__Data for analysis__:
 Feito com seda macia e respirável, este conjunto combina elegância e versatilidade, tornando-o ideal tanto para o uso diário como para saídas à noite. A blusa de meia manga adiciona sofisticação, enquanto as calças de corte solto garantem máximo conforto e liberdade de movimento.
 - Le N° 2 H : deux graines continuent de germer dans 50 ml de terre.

---

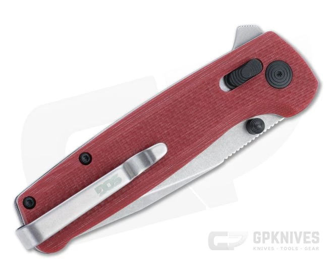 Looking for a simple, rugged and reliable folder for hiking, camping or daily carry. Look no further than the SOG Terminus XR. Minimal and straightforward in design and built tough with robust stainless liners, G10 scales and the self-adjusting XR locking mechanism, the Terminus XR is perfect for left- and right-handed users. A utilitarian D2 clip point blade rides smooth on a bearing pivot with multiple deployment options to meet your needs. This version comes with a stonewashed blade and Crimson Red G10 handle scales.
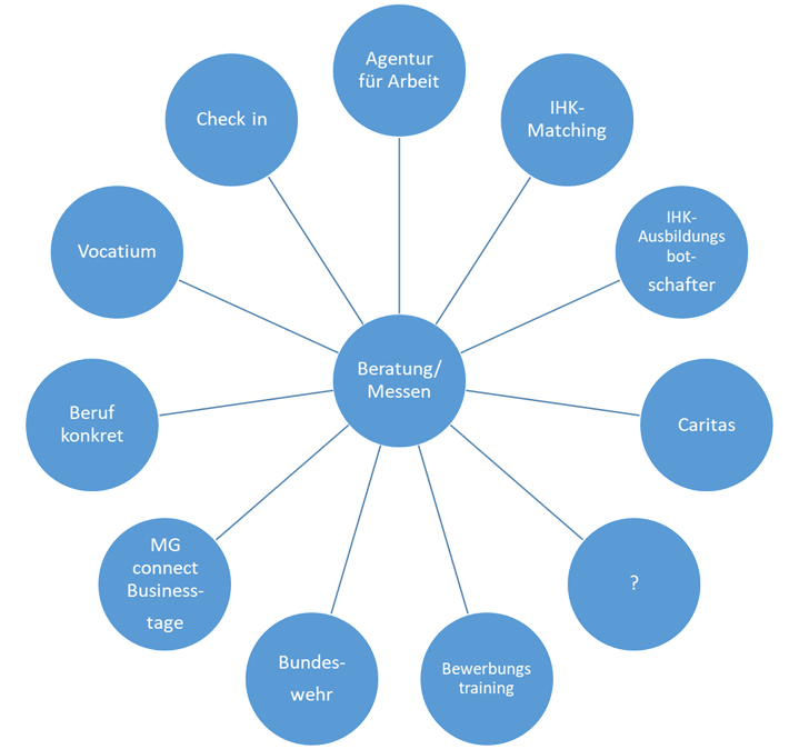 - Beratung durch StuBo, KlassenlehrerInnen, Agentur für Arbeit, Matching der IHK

--

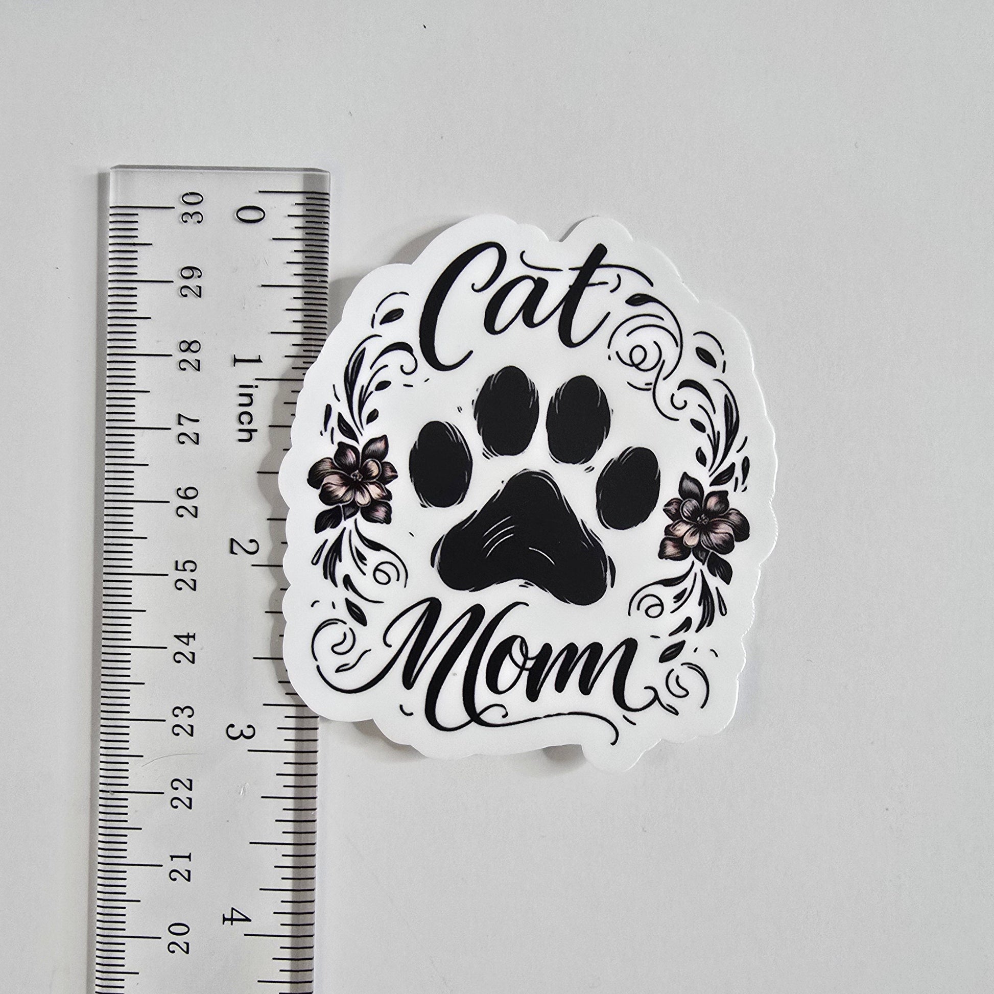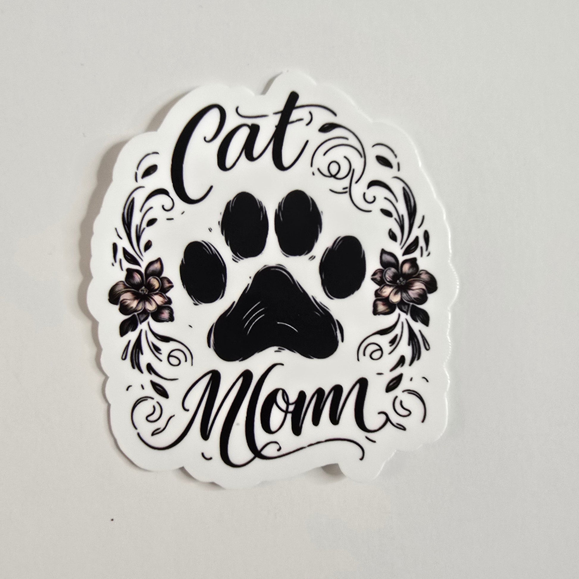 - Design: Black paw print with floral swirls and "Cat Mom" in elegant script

__Assignment__: From the listing above, the lines starting with the one that has "Feito com seda" and running through the one that has "- Le N° 2 H" should be copied exactly, ends included.

__Output for this task__:
 Feito com seda macia e respirável, este conjunto combina elegância e versatilidade, tornando-o ideal tanto para o uso diário como para saídas à noite. A blusa de meia manga adiciona sofisticação, enquanto as calças de corte solto garantem máximo conforto e liberdade de movimento.
 - Le N° 2 H : deux graines continuent de germer dans 50 ml de terre.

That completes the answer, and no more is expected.